Danielle Anderson is a freelance editor who has worked on various written works, from blog posts and magazine articles to memoirs and collaborative books. She is passionate about helping both new and experienced writers produce the best version of their stories and get their message out into the world.
Do you have a mantra or phrase you live by? What is it?
“Editing is an art, not a science.” I’m a firm believer that editing is about knowing not only whether a sentence is grammatically correct but also whether or not it needs to be fixed. A run-on sentence, used correctly, can communicate the feeling of being overwhelmed. A series of sentence fragments can depict the frenetic environment of a battlefield. Sticking too firmly to the rules closes you off from exploring the full potential of your writing.

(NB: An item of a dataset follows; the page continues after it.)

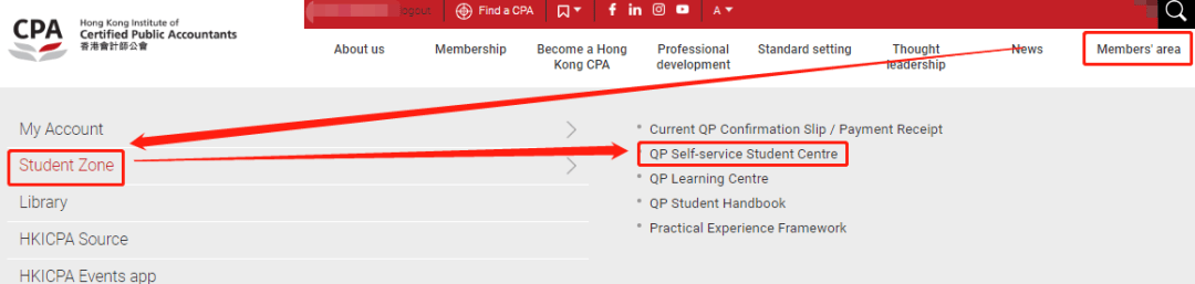 1、登陆官网(https://www.hkicpa.org.hk),点击Member’s Area→Student Zone→QP Self-service Student Center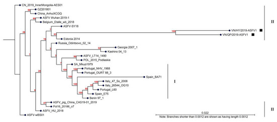 - Nguyen, V.T.; Cho, K.H.; Mai, N.T.A.; Park, J.Y.; Trinh, T.B.N.; Jang, M.K.; Nguyen, T.T.H.; Vu, X.D.; Nguyen, T.L.; Nguyen, V.D.; et al. Multiple variants of African swine fever virus circulating in Vietnam. Arch. Virol. 2022, 167, 1137–1140. [Google Scholar] [CrossRef]

Of course, context is key. If you’re writing your PhD thesis, you’ll likely want to follow the rules pretty closely. But if you’re bringing any kind of emotion into your writing, I think bending the rules is perfectly acceptable and perhaps even necessary in some cases.
What is your number one priority when it comes to your career and daily work?
My number one priority is finding the right balance of voice and tone. Books would be much more boring if they all sounded like they were written by the same person, so I think maintaining an author’s voice is very important.
However, your writing also has to sound appropriate for the occasion. I once read an article that compared it to choosing your outfit. There’s a wide variety of clothes that are suitable for a business dinner, for example, but a bathing suit likely isn’t among them.
Knowing your audience and adjusting your tone accordingly goes a long way in making your message as impactful as possible. So, I consider addressing that a very important part of my work as an editor.